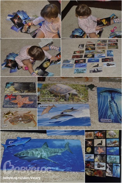 2. Карточки. Были только от Умницы, мы их давно разглядываем, больше брать не стала. Карточки рассматриваем вместе с Машей). Потом расставляли на карточки наших морских друзей, а затем вместе их клеили на шкаф. Днем изучали, я насильно ее к ним не водила, она сама к ним постоянно подходила и меня вела, а вечером обязательно сдавала экзамен у папы)
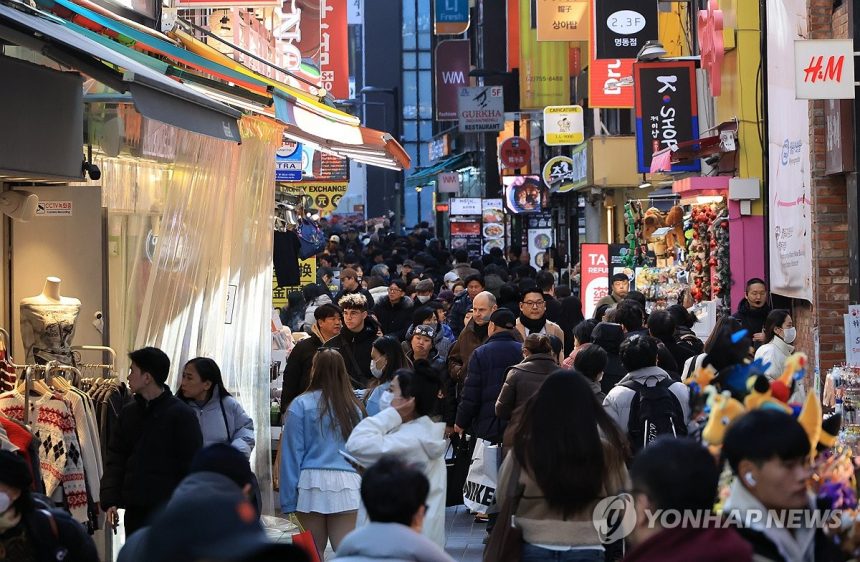 La foto de archivo, tomada el 18 de febrero de 2026, el último día de los festivos por el Año Nuevo lunar, muestra una calle del céntrico barrio comercial de Myeongdong, en Seúl, llena de turistas locales y extranjeros.
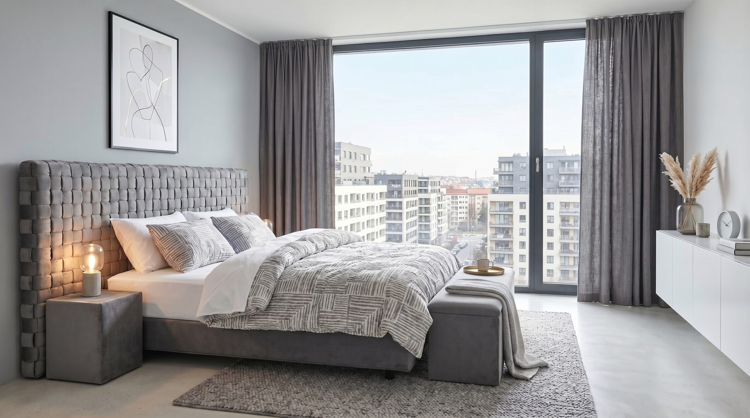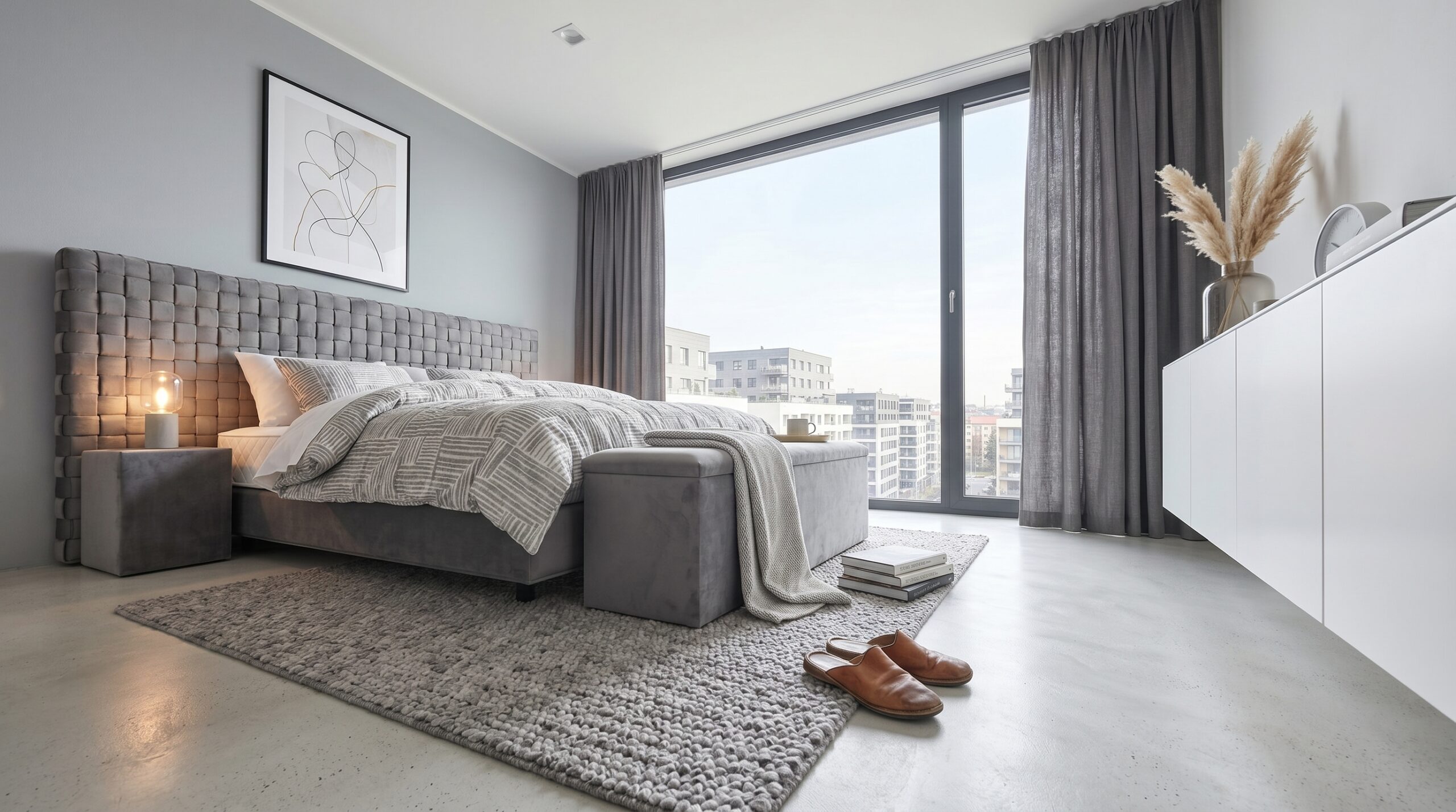 Srdcem ložnice se stala postel Chess Mini – kompaktní, ale charakterní. Její čisté linie a precizní čalounění perfektně odpovídají duchu moderní architektury novostavby. Nic zbytečného, vše podstatné.
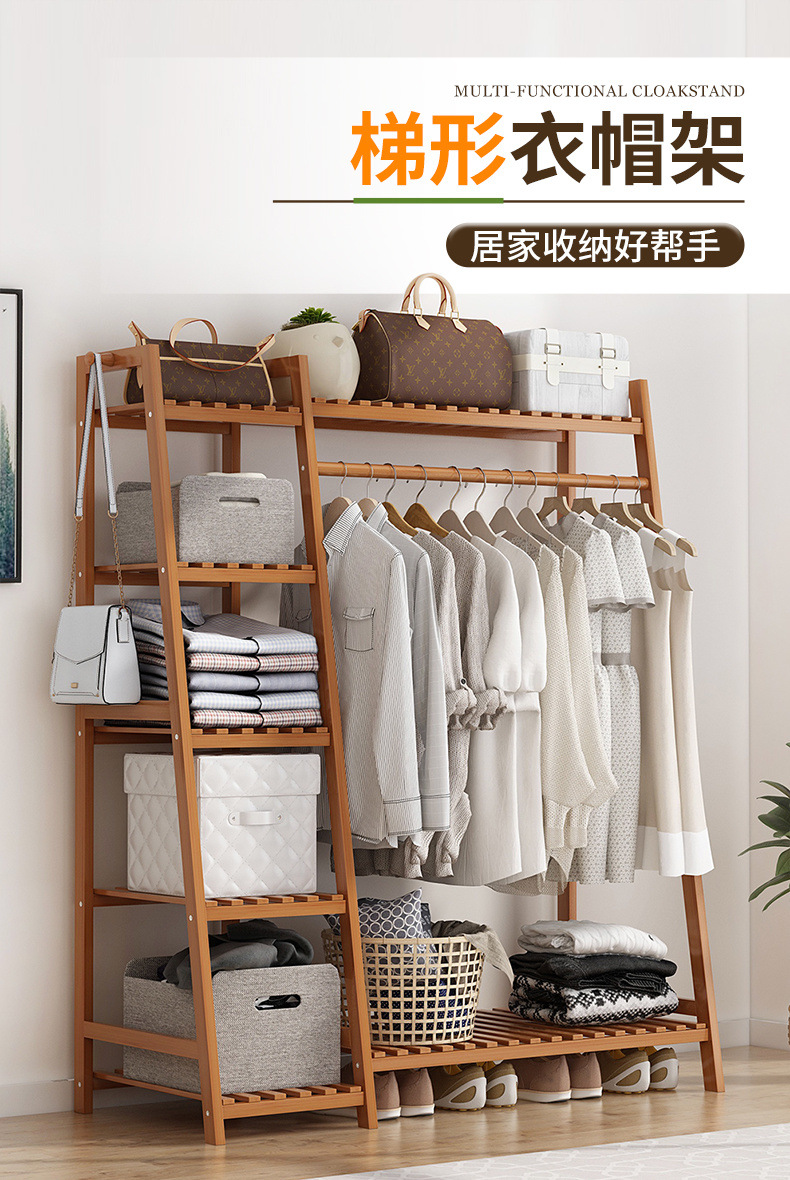 옷걸이 바닥 랙 침실 간단한 옷장 보관 랙 대나무 코트 랙 다기능 의류 랙
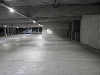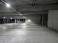 This image captures the profile of a modern architecture building in the city of Berlin, Germany. The dark, concrete street contrasts with the open space and urban design surrounding it. The street is illuminated by the night lights, creating a dramatic atmosphere. The parking deck and garage add to the architectural elements of the city. This photo represents the modern and urban landscape of Berlin in Europe.
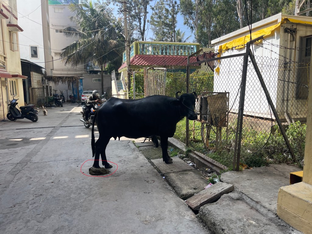 第二天出门,看到了一头牛,悠闲地在酒店门口干“大“事。
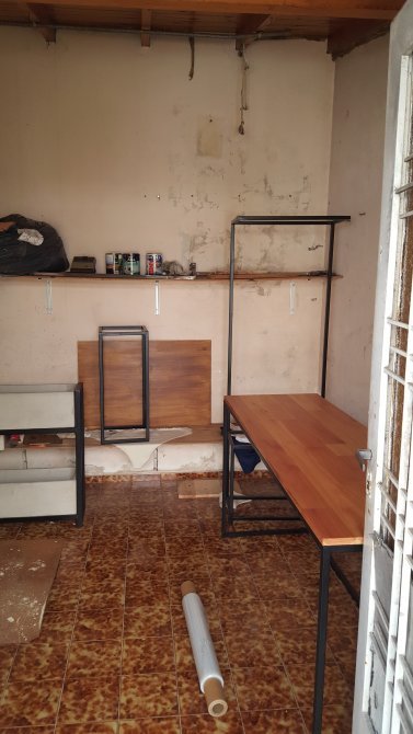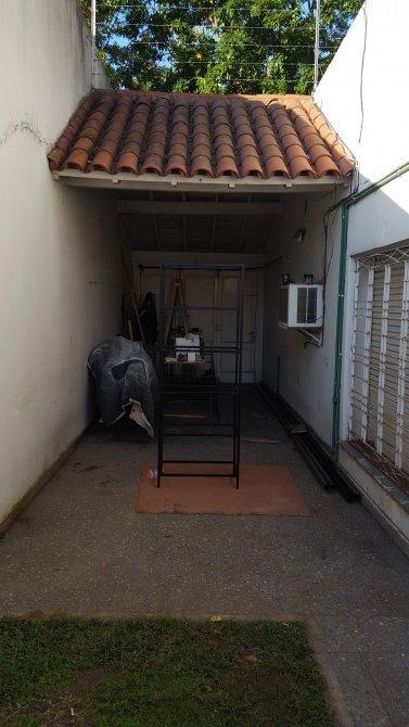 Garage pasante con portón en madera corredizo.
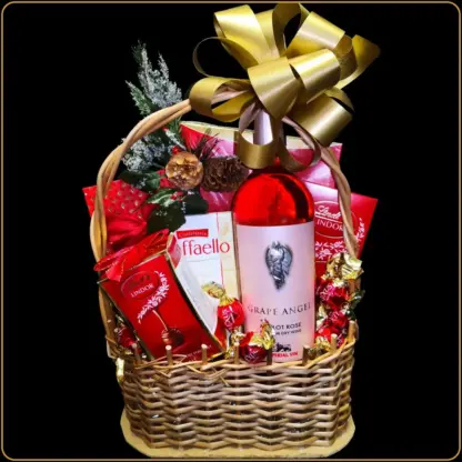 Da — nežno vino, čokolade i praznična estetika čine ovu korpu izuzetno pogodnom kao romantičan i topao poklon za partnerku.
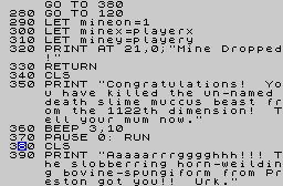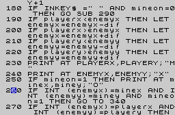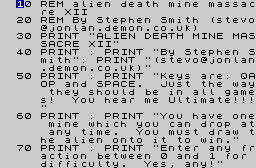 Minimal Checks: For example, in this game, you can set the skill level to 0! Pointless, since the alien doesn't move, so you can't win, so you're stuck in an endless loop. The program doesn't even warn you of this. However, it could have been worse - "Break into the program and change the numbers in lines 190 to 220 to change the difficult level" was only one thought away.
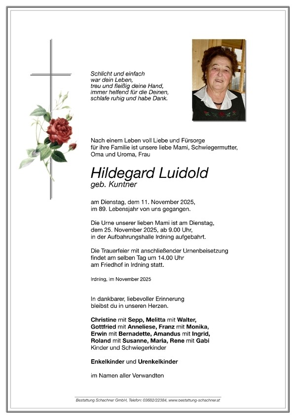 Aufbahrung der Urne am Dienstag, dem 25.11.2025 ab 9 Uhr in der Aufbahrungshalle Irdning. Trauerfeier und anschließende Urnenbeisetzung am selben Tag um 14 Uhr am Friedhof in Irdning.
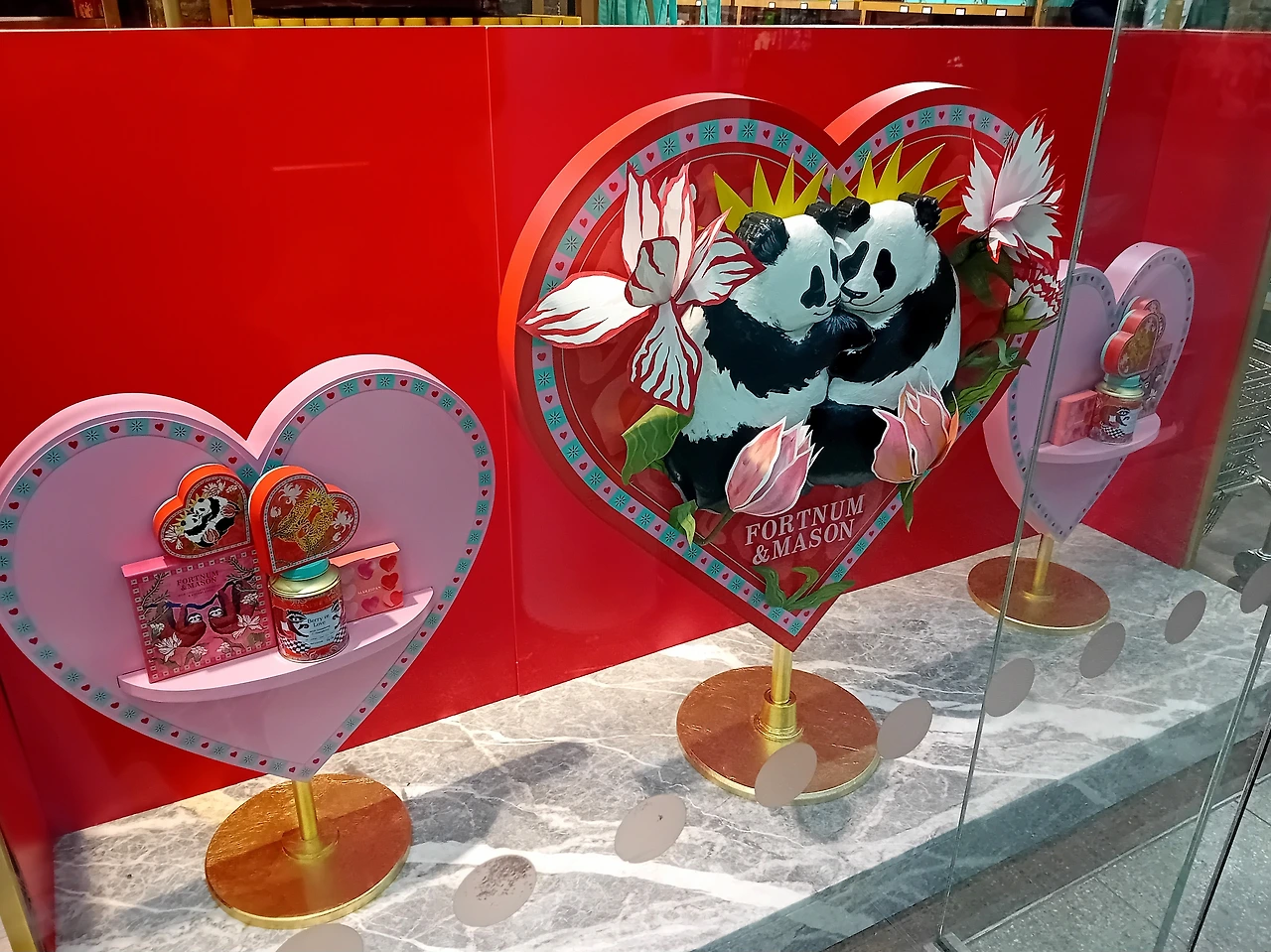 다시 지하철을 타고 기차역 London St Pancras으로 돌아갔다. 포트넘 앤 메이슨 Fortnum & Mason을 잠시 구경했다. 발렌타인데이라고 특별한 홍보를 하는 거 같은데 이 촌스러운 판다들은 뭐지 싶었다. 이것은 부자 중국인들을 노린 마케팅인가.
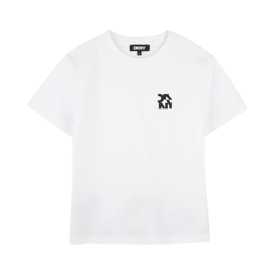 T-shirt manica corta tinta unita con logo anteriore e posteriore a contrasto
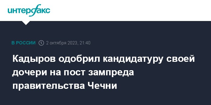 Москва. 2 октября. INTERFAX.RU - Глава Чечни Рамзан Кадыров сообщил в своем телеграм-канале, что одобрил кандидатуру своей дочери Айшат Кадыровой, ранее занимавшей пост министра культуры региона, на должность заместителя председателя правительства Чечни по социальному блоку.
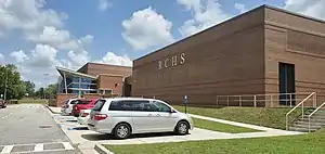Russell County High School (RCHS) is a rural Title I public high school located in Seale, Alabama offering grades 9 through 12. The school enrolls 1,004 students in total (as of the 2021–2022 school year)[1][2] and is the only high school in the Russell County School District. The school claims that it is a diverse institution. The student body consists of 43% caucasian, 47% African American, and 10% other ethnicities.[2] RCHS proceeds Russell County Middle School, also the only middle school in the school district. There are five elementary schools surrounding RCHS; those schools are Dixie Elementary, Ladonia Elementary, Mount Olive Intermediate, Mount Olive Primary, and Oliver Elementary.[3][4][5]

Your instructions | Of the records above, print only the lines from the one containing "옷걸이 바닥 랙 침실 간단한 옷장 보관 랙 대나무 코트 랙 다기능 의류 랙" through the one containing "Garage pasante con", inclusive and unaltered, leaving out pictures.

Solution to this task |
 옷걸이 바닥 랙 침실 간단한 옷장 보관 랙 대나무 코트 랙 다기능 의류 랙
 This image captures the profile of a modern architecture building in the city of Berlin, Germany. The dark, concrete street contrasts with the open space and urban design surrounding it. The street is illuminated by the night lights, creating a dramatic atmosphere. The parking deck and garage add to the architectural elements of the city. This photo represents the modern and urban landscape of Berlin in Europe.
 第二天出门,看到了一头牛,悠闲地在酒店门口干“大“事。
 Garage pasante con portón en madera corredizo.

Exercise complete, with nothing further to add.